# Cayo Costa Trip: Dec 16-20



## rbailey1971 (Aug 29, 2015)

Heading to Cayo Costa Dec 16-20. Camping and fishing. The plan is to surf fish and we are bringing kayak to locate and fish grass flats. I would appreciate any suggestions and advice. Any pompano in the surf? Bringing artificial buy plan to catch live bait.


----------



## rbailey1971 (Aug 29, 2015)

rbailey1971 said:


> Heading to Cayo Costa Dec 16-20. Camping and fishing. The plan is to surf fish and we are bringing kayak to locate and fish grass flats. I would appreciate any suggestions and advice. Any pompano in the surf? Bringing artificial buy plan to catch live bait.


 Its ashame this forum is DEAD!!!


----------



## Guest (Dec 12, 2019)

rbailey1971 said:


> Its ashame this forum is DEAD!!!


I'll agree with you there. Wish I could be of more help but I haven't fished that area, only the Keys for the most part. It always seemed to me that live shrimp produced very very well. Also, not sure if you'll find a lot of Cudas hanging around the flats there but I've found that they absolutely cannot pass up a live pin fish. I'd hook them in the back, put them on a float, and just toss them right into the action. Usually took about 10 seconds.... Quite often it seemed like it took them a few attempts to get the hook in their mouth. Sometimes they swipe and cut the fish in half and then come back for the other half. They like surgical tube lures as well. Just burn them across the surface. They look like a fleeing needlefish. 

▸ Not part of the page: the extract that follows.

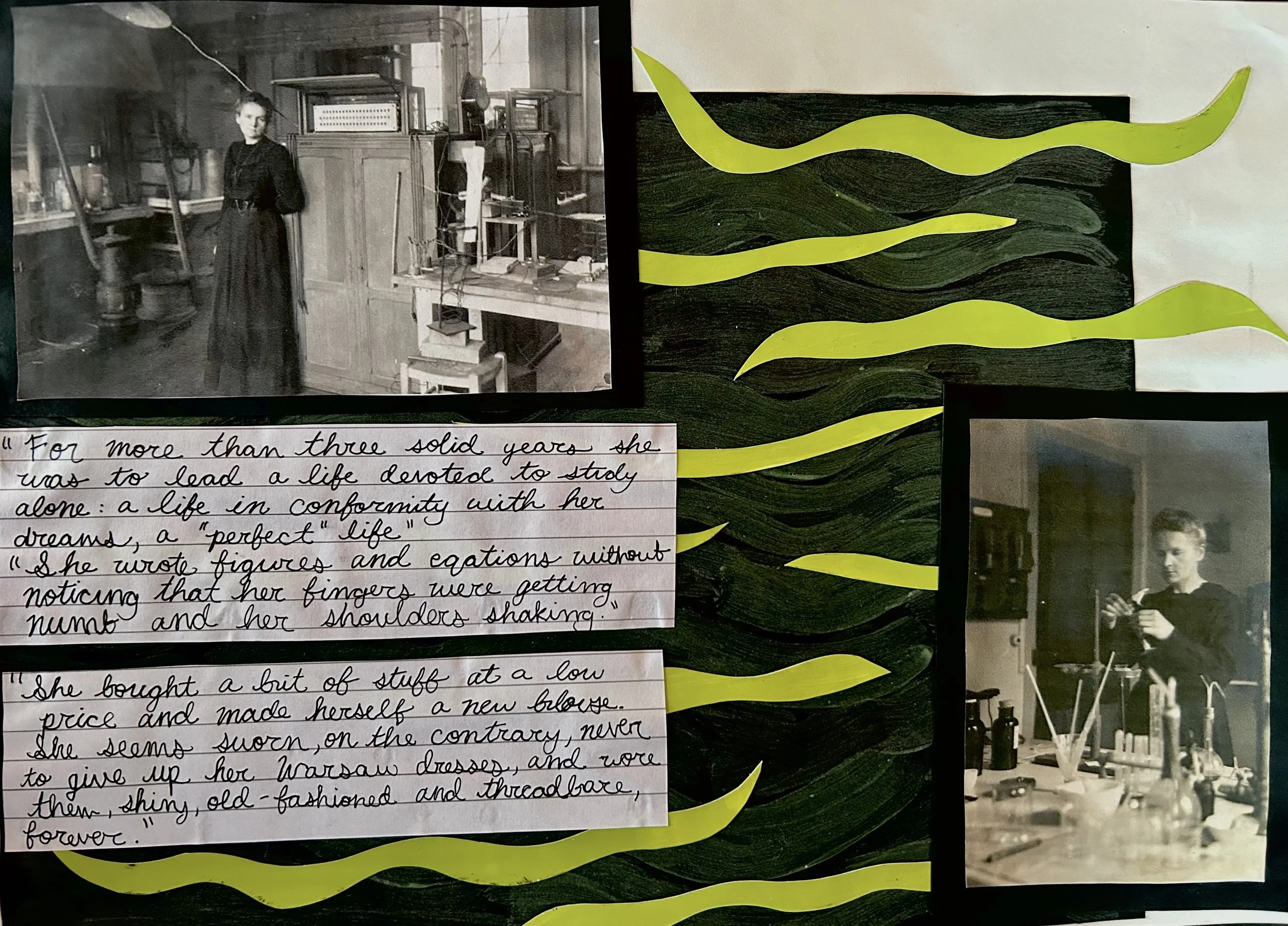 My inspiration for this collection began with Marie Curie. She had an intense passion for chemistry and persevered to achieve her dream of working in a laboratory. Madame Curie spent all day studying and discovering. It was an obsession.

If you can find any channels or cuts around the shallow water maybe try them as the tide recedes. Drum may move into them to pick up any bait as it is washed by and the flats become too shallow. Another place to try are sea walls in and around canals. I have caught or seen people catch some nice Snook and Jacks from them. Those are just a few places I'd try If I were looking into a place for the first time. Hope this helps a little. Good luck!


----------



## rbailey1971 (Aug 29, 2015)

Thank you. Good info! I do have some good experiences wade fishing near Bookelia. I will update the board hopefully with some great pics!


----------



## rbailey1971 (Aug 29, 2015)

Trip report: 3 days fishing surf and inshore lagoon. Our strategy was to locate and match the bait. The birds made it easy. 70+ fish and 11 species (red fish, black drum, sheepshead, snooker, black grouper, jack creval, bull shark, spanish mackerel, catfish, whiting, lady fish). The highlight was the 9' Bull Shark. We used 4" Salt Strong slam shady, spoons, and dead shrimp. I can't say enough about this fishery. The weather was windy (20+ mph) and cold front came through. We spent all our time in and around a cut that fed from lagoon to the gulf - about 1.5 miles south from camp sites. Side story: we were wading the lagoon nearest campsites, a 5' gator was tracking us. We relocated to put some distance between us and the gator. Waded into a narrow inlet lined with mangroves, caught a nice snook and a redfish, looked up and the same gator had followed us and blocked our exit. As I was trying to hug one side of the back and make my way out past the gator, I noticed a much bigger gator, underwater, 8' from me. Only his hind legs and tail showing, his body and head tucked in the mangroves. Nearly had an accident in my waders. I backed up and plowed a hole through the mangroves. And...captured all of it on my new go pro!


----------



## CurtisFlorida (Oct 4, 2014)

Sounds like you had a great trip. Lots of fish and adventures. Sorry I didn't get here to give you any pointers, This Florida board is pretty dead mostly, so I have not visited in a while. but it seems you did the right stuff there. I haven't been there in about 6 years, but it is a favorite place of mine for camping and fishing combined. Good luck on your next trip.


----------